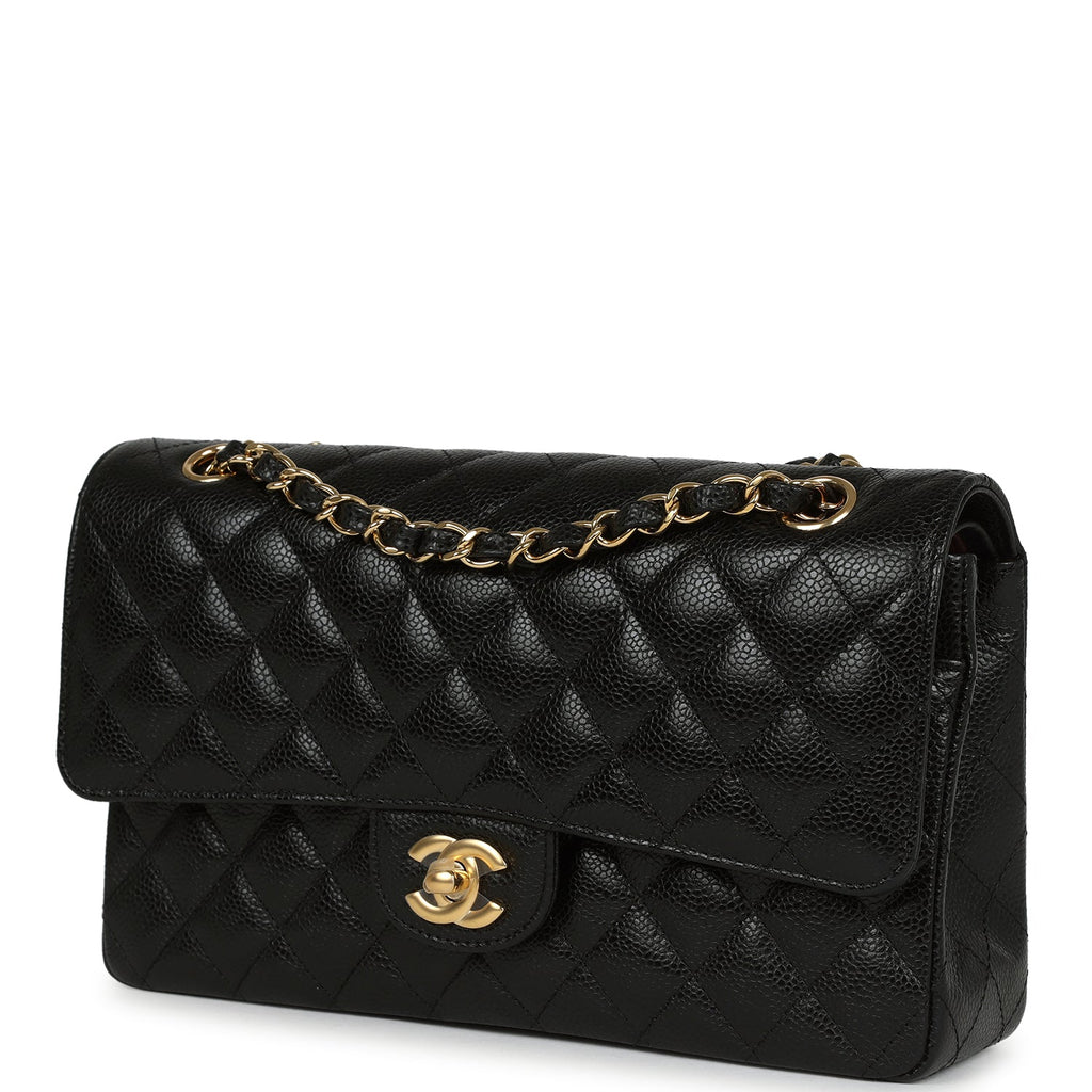 Chanel Medium Classic Double Flap Bag Black Caviar Gold Hardware Shop for an authentic Chanel Medium Classic Double Flap Bag in black caviar leather with gold tone hardware in new and never worn condition at Madison Avenue Couture
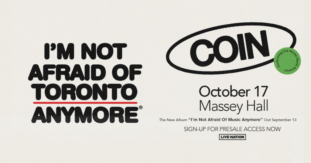 COIN comes to Massey Hall on October 17th for the I’m Not Afraid of Toronto Anymore Show!
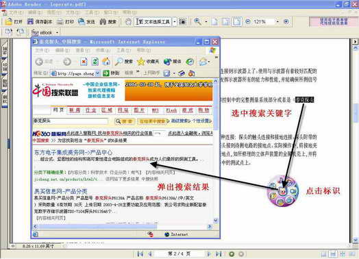 网络猪提供了完全超越传统的搜索模式,无论我们在浏览新闻还是在收发E-mail;或者在玩游戏,如果碰到我们想搜索的,只要用鼠标选中要搜索的内容,然后单击网络猪界面上的小猪标志即可进行搜索。比如我正在阅读一篇技术文档,遇到一个不懂的新名词想查看它的含义,我只要选中这个名词然后点击一下网络猪标志,搜索结果马上就会出现在面前(见图)。当然,我们也可以在网络猪所带的搜索框输入关键词或者直接用鼠标拖曳选中的关键词到搜索框里进行内容搜索。
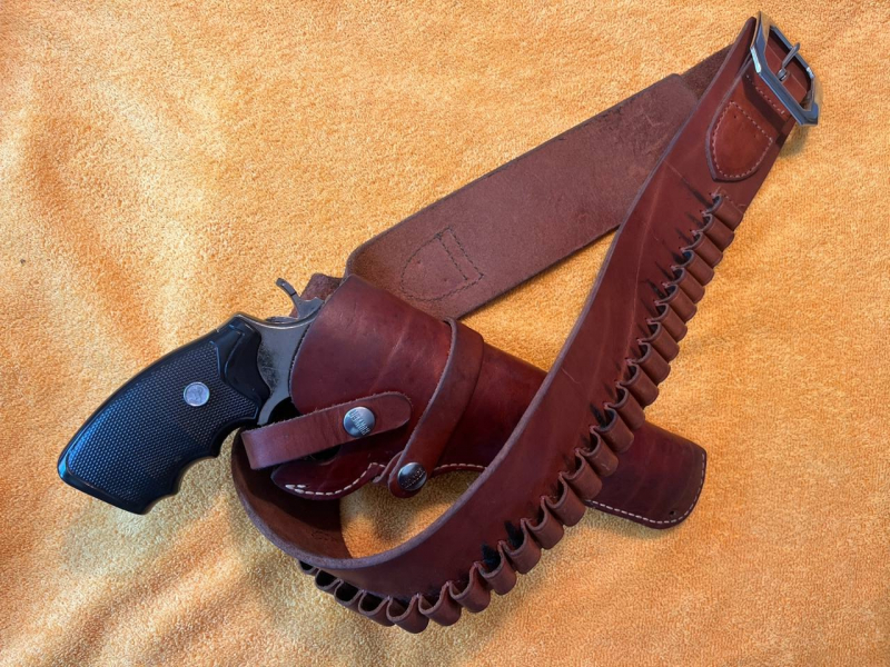 mit Platz für 25 Patronen (also was für 5- schüssige Revolver?), die mind. im Kal. 44Mag oder 45 sein müssen, da die dabei abgebildete Dekopatrone im Kal. 357Mag. fällt fast durch und dient nur als Vorstellung der Größe. Das Holster ist geschlossen am Lauf, ermöglicht aber die Aufnahme von Großevolver mit einer Lauflänge bis 6,0-6,5 Zoll. Als Beispiel ein Modell eines Colt SAA, der immer noch zu klein ist; im Titelbild mit einem etwas besser passenden Modell des Colt Python.
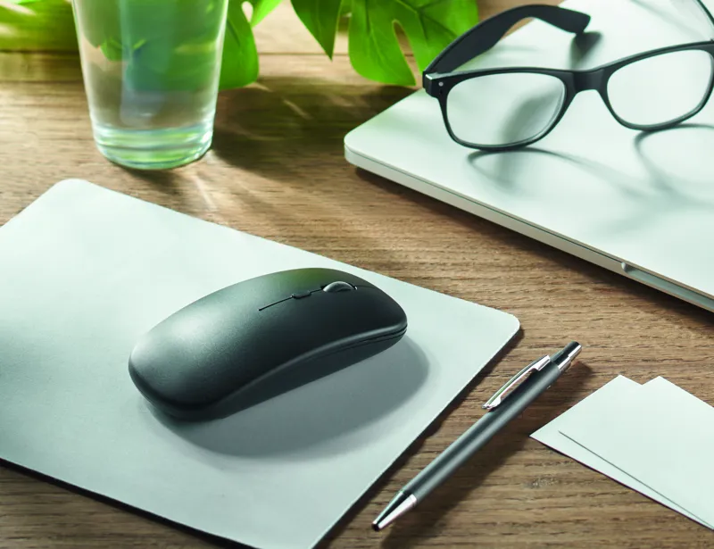 Vezeték nélküli optikai egér ABS-ből, USB-n keresztül tölthető 500 mAh-s akkumulátorral.
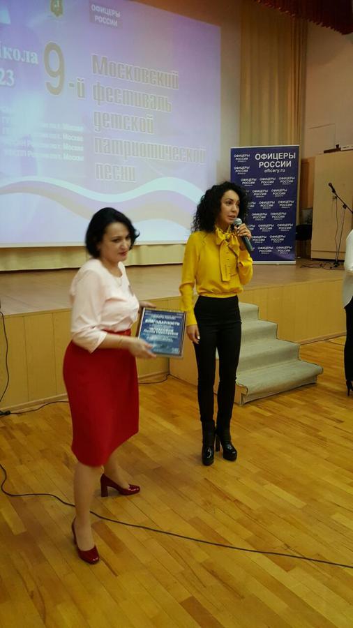 «ОФИЦЕРЫ РОССИИ» выражают благодарность директору ГБОУ «Школа №1623» Екатерине Юшковой и заместителю директора по воспитанию и социализации Лилии Чепрасовой за помощь в организации и проведении отборочного тура.
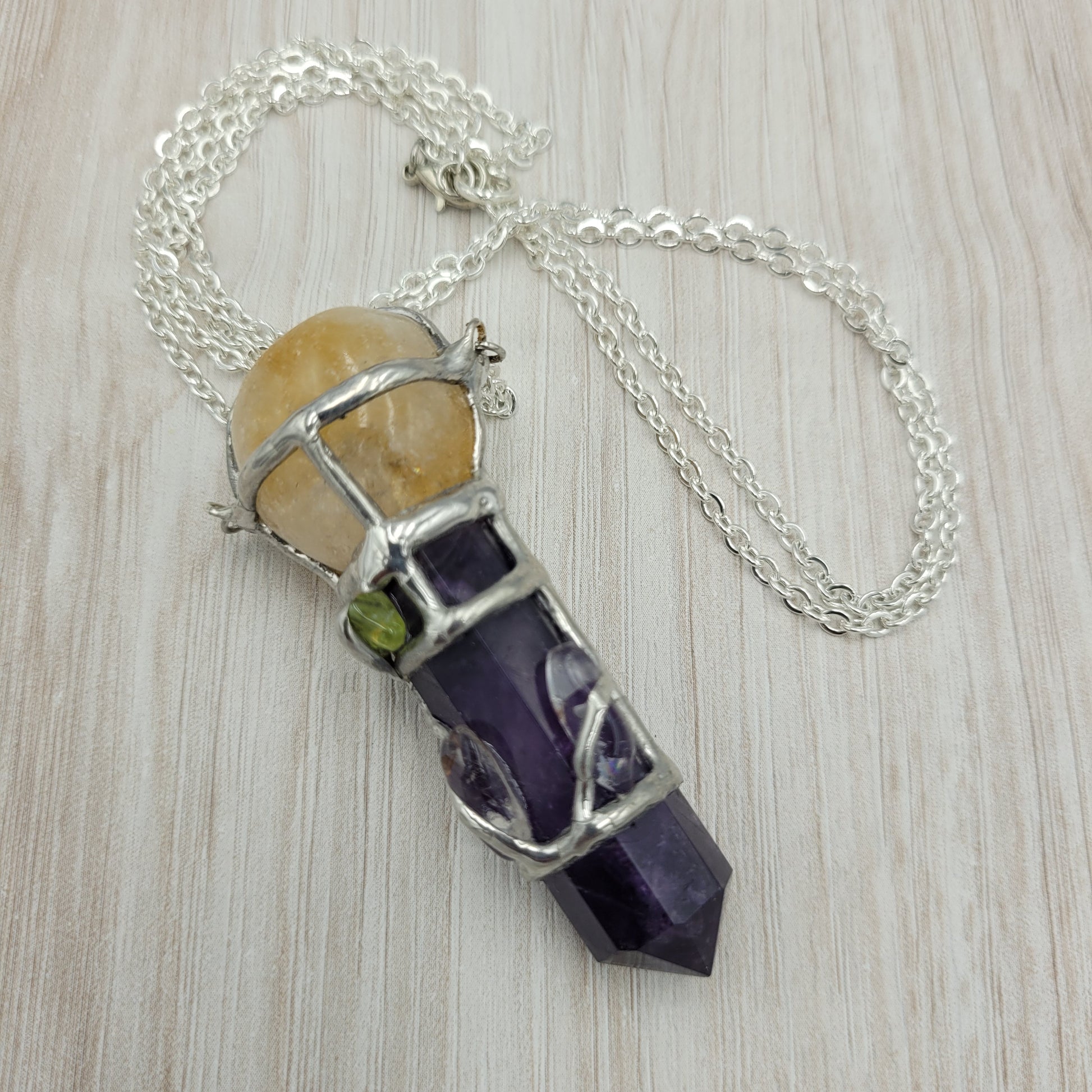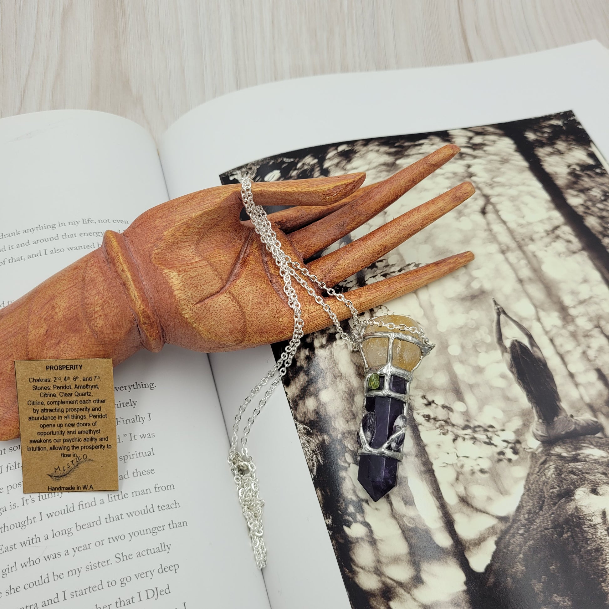 Peridot, Amethyst, Citrine, and Clear Quartz energies work together to open up new doors of opportunity, attract prosperity and abundance, awaken intuition, and support the flow of abundance. Each stone is connected to a specific chakra, including the 2nd, 4th, 6th, and 7th.

▬▬▬▬▬▬

- **Task item**:
Print the data above verbatim from the first line through the line holding "网络猪提供了完全超越传统的搜", leaving every picture out.

- **Result**:
 Chanel Medium Classic Double Flap Bag Black Caviar Gold Hardware Shop for an authentic Chanel Medium Classic Double Flap Bag in black caviar leather with gold tone hardware in new and never worn condition at Madison Avenue Couture
 COIN comes to Massey Hall on October 17th for the I’m Not Afraid of Toronto Anymore Show!
 网络猪提供了完全超越传统的搜索模式,无论我们在浏览新闻还是在收发E-mail;或者在玩游戏,如果碰到我们想搜索的,只要用鼠标选中要搜索的内容,然后单击网络猪界面上的小猪标志即可进行搜索。比如我正在阅读一篇技术文档,遇到一个不懂的新名词想查看它的含义,我只要选中这个名词然后点击一下网络猪标志,搜索结果马上就会出现在面前(见图)。当然,我们也可以在网络猪所带的搜索框输入关键词或者直接用鼠标拖曳选中的关键词到搜索框里进行内容搜索。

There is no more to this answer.